- **Task**
Give back exactly the lines that run from the beginning of the entries to the line containing "Slubbed Gauzy Cotton", both included, and nothing else.

- **Input material**
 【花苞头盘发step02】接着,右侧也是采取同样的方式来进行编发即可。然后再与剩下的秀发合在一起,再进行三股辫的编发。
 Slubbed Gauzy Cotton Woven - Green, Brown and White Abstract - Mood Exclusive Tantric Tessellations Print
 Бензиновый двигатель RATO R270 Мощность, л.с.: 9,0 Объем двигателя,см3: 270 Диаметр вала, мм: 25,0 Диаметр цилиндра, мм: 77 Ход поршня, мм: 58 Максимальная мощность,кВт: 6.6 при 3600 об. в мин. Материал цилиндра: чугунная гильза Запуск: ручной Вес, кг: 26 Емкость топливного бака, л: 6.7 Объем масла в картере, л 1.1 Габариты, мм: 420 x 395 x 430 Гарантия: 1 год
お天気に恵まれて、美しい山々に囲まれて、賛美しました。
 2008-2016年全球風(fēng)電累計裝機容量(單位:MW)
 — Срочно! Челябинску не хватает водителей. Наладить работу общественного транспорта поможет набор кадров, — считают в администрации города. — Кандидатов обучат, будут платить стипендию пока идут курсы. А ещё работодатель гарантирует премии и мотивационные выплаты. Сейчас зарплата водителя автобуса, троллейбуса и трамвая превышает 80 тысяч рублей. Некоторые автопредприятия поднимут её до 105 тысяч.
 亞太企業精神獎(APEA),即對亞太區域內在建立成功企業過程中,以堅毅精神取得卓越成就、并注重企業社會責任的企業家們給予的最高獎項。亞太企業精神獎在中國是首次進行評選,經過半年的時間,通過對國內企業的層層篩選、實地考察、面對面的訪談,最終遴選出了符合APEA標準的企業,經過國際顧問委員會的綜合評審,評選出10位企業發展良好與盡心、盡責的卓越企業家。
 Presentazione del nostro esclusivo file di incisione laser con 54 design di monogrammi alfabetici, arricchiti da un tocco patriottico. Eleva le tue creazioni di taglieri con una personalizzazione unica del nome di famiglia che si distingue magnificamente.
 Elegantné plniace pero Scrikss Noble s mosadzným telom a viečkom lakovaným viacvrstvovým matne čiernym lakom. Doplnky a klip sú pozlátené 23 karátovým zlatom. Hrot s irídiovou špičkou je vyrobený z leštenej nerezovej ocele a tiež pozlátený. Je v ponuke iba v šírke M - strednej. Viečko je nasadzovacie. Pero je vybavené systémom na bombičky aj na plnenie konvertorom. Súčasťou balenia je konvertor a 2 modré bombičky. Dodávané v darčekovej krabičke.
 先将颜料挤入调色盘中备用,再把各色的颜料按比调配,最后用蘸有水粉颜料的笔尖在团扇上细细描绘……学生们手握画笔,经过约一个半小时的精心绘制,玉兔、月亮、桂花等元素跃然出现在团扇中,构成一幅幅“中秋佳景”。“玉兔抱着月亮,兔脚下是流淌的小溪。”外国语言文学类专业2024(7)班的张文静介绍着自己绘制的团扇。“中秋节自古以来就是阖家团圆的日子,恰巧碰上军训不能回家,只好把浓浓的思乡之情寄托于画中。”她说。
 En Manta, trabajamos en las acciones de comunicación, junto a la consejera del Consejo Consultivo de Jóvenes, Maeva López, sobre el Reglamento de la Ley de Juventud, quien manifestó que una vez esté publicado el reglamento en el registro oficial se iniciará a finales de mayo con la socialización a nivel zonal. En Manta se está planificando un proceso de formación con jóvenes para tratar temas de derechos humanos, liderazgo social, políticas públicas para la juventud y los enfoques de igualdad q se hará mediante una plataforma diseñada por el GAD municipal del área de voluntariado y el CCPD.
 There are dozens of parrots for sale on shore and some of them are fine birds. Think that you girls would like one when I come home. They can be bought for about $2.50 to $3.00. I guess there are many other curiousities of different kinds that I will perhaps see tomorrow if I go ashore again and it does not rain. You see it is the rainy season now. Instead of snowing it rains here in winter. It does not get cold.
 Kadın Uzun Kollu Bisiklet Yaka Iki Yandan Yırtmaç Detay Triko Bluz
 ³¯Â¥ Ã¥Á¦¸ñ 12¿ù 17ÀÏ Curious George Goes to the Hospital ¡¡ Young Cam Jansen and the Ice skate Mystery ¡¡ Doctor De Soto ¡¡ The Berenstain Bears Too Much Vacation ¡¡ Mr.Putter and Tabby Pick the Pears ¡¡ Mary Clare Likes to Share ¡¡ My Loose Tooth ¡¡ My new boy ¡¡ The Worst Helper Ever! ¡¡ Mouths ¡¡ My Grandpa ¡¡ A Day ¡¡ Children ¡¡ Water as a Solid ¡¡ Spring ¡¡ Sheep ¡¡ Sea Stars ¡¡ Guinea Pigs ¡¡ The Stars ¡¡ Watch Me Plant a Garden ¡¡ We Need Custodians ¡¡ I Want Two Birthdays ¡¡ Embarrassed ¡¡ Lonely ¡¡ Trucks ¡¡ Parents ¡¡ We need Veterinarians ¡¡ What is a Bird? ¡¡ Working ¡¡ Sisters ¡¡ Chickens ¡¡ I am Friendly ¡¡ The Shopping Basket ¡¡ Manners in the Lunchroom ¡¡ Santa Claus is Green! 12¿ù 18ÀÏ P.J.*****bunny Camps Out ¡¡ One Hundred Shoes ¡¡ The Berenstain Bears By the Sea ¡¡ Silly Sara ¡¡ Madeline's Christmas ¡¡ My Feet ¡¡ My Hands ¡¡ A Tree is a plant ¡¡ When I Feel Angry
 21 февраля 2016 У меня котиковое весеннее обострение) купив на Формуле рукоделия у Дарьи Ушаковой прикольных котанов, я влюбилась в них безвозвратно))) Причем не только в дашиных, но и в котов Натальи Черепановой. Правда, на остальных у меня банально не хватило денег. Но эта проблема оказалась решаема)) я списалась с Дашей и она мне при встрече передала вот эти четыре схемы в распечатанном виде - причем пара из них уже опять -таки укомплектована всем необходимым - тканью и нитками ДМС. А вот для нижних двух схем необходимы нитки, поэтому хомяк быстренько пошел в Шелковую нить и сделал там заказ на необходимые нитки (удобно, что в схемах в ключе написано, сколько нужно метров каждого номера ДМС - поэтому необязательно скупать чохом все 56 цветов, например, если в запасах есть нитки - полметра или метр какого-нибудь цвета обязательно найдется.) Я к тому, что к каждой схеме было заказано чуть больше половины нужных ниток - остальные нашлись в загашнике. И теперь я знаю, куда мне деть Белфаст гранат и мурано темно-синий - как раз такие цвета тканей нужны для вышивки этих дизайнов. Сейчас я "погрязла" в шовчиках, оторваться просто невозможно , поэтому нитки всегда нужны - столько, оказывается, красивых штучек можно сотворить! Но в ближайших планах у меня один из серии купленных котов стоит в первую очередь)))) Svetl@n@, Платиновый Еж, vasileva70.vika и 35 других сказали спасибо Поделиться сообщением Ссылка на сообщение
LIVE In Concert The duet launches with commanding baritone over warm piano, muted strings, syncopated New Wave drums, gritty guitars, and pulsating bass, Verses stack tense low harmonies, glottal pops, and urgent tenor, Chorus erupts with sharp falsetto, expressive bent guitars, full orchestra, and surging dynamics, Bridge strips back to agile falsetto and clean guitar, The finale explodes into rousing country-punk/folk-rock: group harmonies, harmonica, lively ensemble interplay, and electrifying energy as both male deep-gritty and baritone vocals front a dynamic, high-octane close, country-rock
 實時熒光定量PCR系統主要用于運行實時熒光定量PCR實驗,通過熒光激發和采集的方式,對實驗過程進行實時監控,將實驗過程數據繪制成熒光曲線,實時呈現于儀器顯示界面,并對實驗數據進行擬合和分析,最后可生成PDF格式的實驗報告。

- **Problem solution**
 【花苞头盘发step02】接着,右侧也是采取同样的方式来进行编发即可。然后再与剩下的秀发合在一起,再进行三股辫的编发。
 Slubbed Gauzy Cotton Woven - Green, Brown and White Abstract - Mood Exclusive Tantric Tessellations Print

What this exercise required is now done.